<<<<
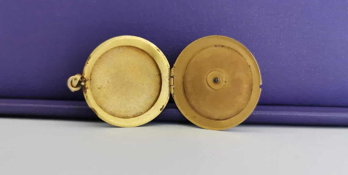This remarkable locket is in excellent vintage condition, bearing only minor micro scratches on the gold, which are consistent with its age and wear but are barely visible when worn, showcasing the remarkable care it has received over the years. With a secure and satisfying snap, the locket closes seamlessly, safeguarding your cherished keepsakes and memories within.
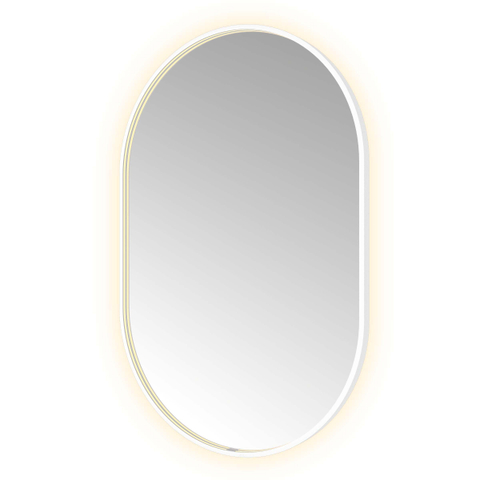 - Forme ovale avec un cadre en aluminium blanc mat et épuré pour une apparence moderne
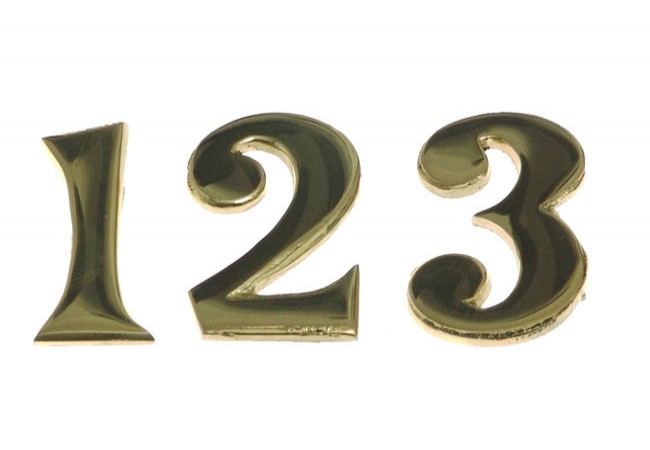 Opis - Cyfry mosiężne przybijane na gwoździki 7 cm
>>>>
■ **Exercise description**: Could you return the entire listing above verbatim while dropping each picture?

■ **Solution below**:
This remarkable locket is in excellent vintage condition, bearing only minor micro scratches on the gold, which are consistent with its age and wear but are barely visible when worn, showcasing the remarkable care it has received over the years. With a secure and satisfying snap, the locket closes seamlessly, safeguarding your cherished keepsakes and memories within.
 - Forme ovale avec un cadre en aluminium blanc mat et épuré pour une apparence moderne
 Opis - Cyfry mosiężne przybijane na gwoździki 7 cm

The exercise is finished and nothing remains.